Avec le déclenchement du conflit syrien en mars 2011 et l’afflux de réfugiés vers le Liban, nous avons intensifié nos efforts pour accompagner les familles syriennes à la recherche de leurs proches disparus en Syrie. Au Liban, nous poursuivons la collecte des demandes, avec 6 426 dossiers enregistrés, dont 5 545 demeurent actifs à ce jour. Parallèlement, nous menons des programmes d’accompagnement pour les familles des disparus, comprenant un suivi annuel, des séances collectives de soutien psychosocial et en santé mentale, ainsi qu’une assistance économique ciblée pour les plus vulnérables.
Les détenus et prisonniers ont toujours été les premiers bénéficiaires des services de RLF. Dès 1975, les visites auprès des détenus aux mains des milices libanaises et palestiniennes, puis, à partir de 1978, des prisonniers sous détention israélienne, ont joué un rôle crucial en leur apportant protection et dignité, tout en les reconnectant avec leurs familles. Souvent, les Messages Croix-Rouge constituaient la première preuve de vie après des mois de silence et de recherches désespérées menées par des familles éprouvées.

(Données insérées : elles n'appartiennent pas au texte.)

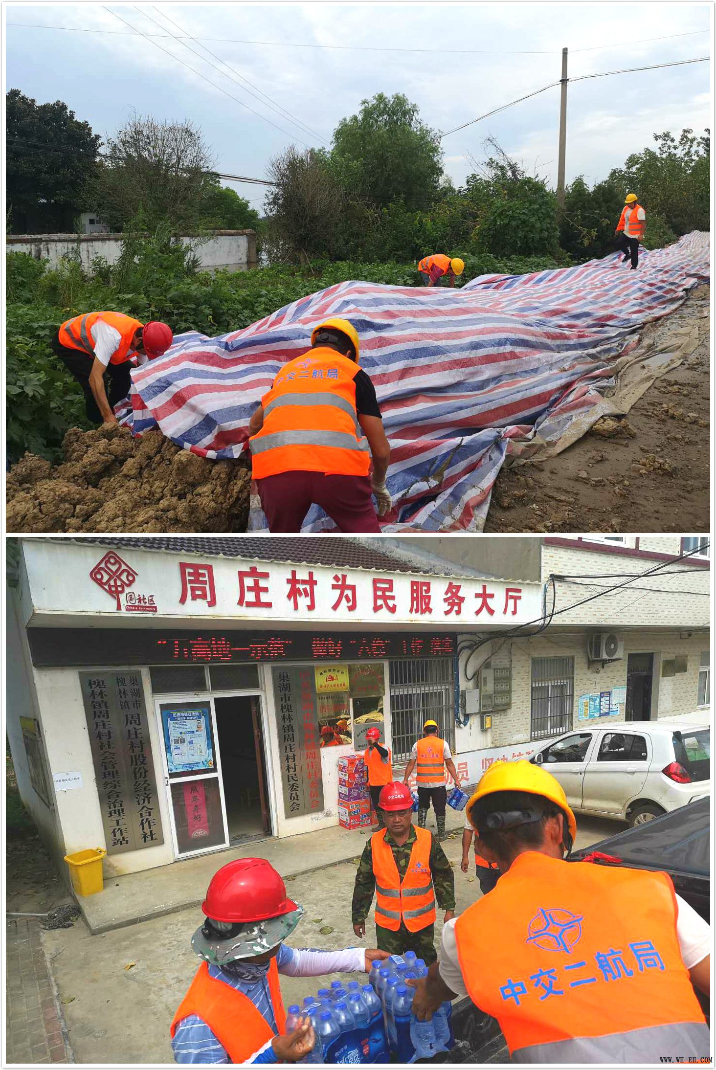 洪水无情人有情,无岳二标项目部了解到标段附近神墩村被洪水淹没情况严重,便立刻积极帮助村民把生产生活用品转移到还未投入使用的钢筋加工厂,把这里作为村民临时安置场所。为了防护兆河大堤,项目人员还和村民们一起装沙袋填充、加高河埂,并调来挖掘机等机械设备对防洪堤进行覆盖维护,同时项目部还紧急采购了一批防汛慰问物资,送到周庄村抗洪一线干部群众手中。为当地防汛尽一份绵薄之力,减轻他们的抗洪压力。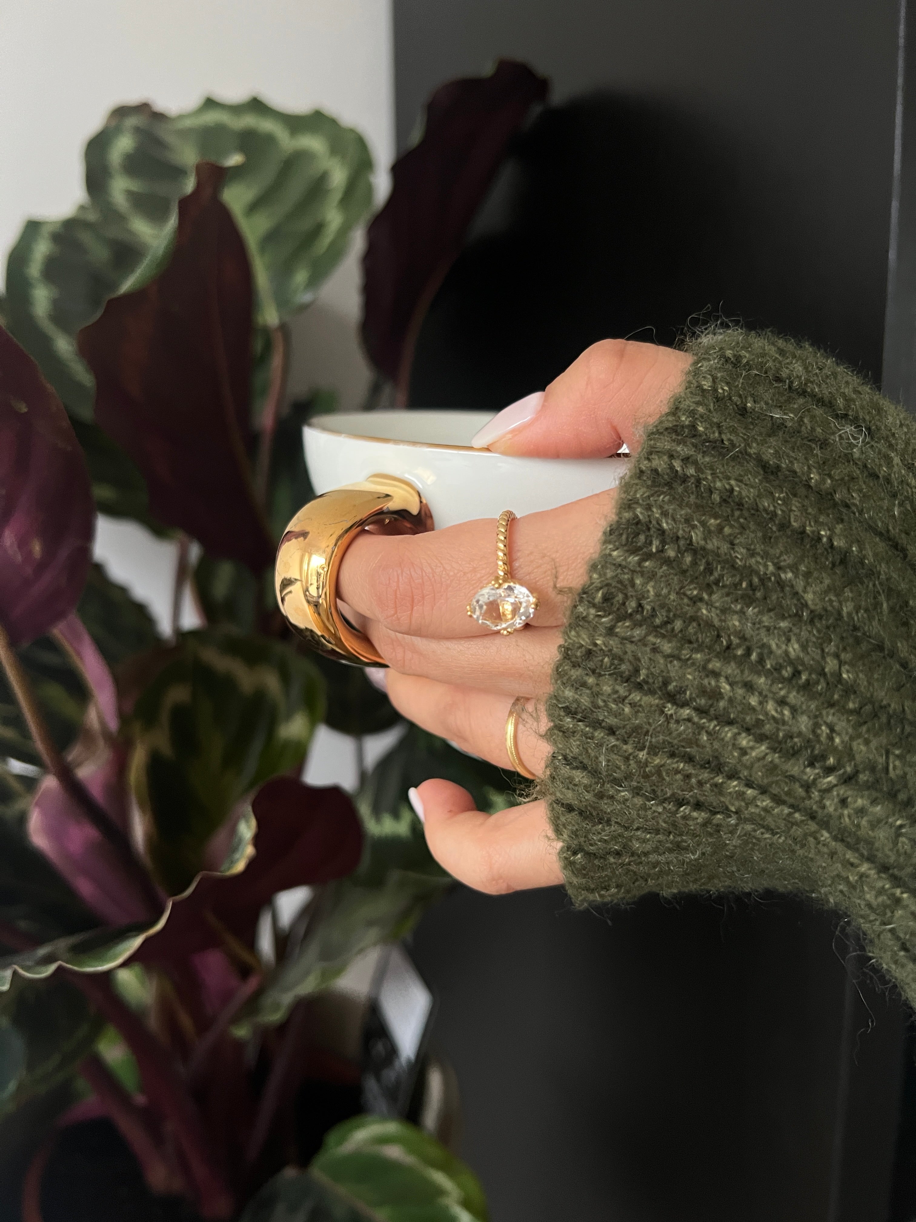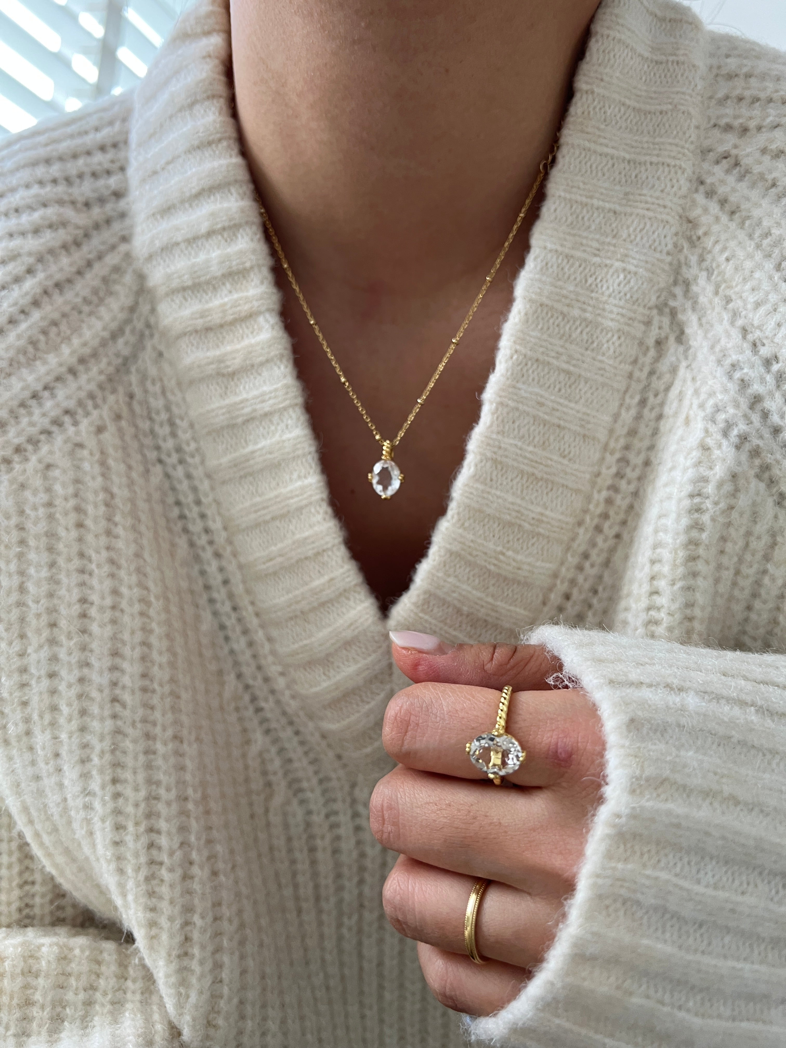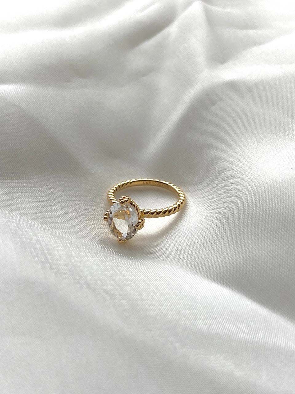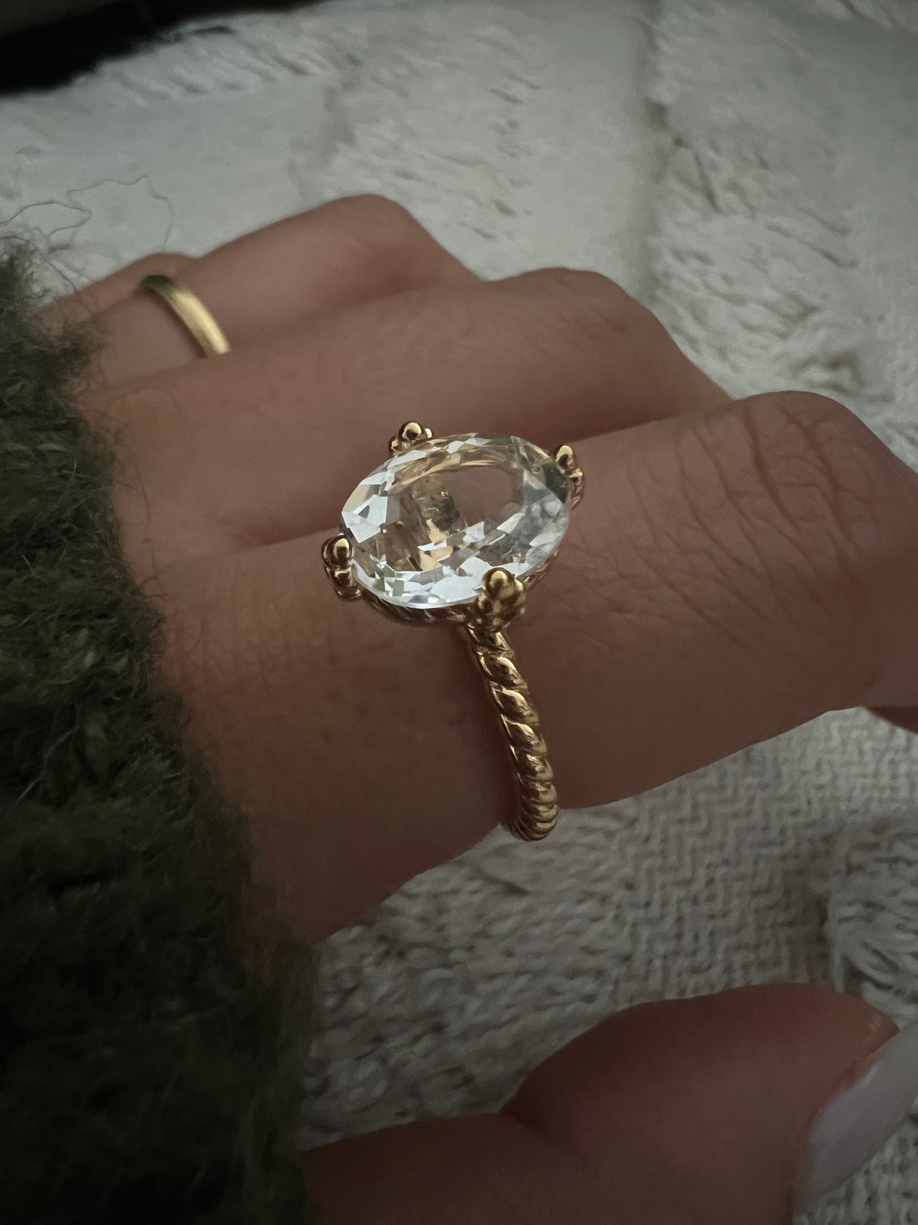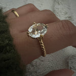 The Siren Crystal Quartz Ring features a breathtaking 2.5-carat oval-cut crystal quartz, symbolizing clarity, healing, and inner strength.

Entre 1982 et 2000, des millions de Messages Croix-Rouge ont été échangés entre les détenus des centres de détention israéliens d’Ansar et Khiam au Sud-Liban, et leurs familles. En plus de l’échange de nouvelles, le CICR a organisé des visites familiales, acheminé des colis destinés aux prisonniers et organisé la libération et le rapatriement de milliers de détenus.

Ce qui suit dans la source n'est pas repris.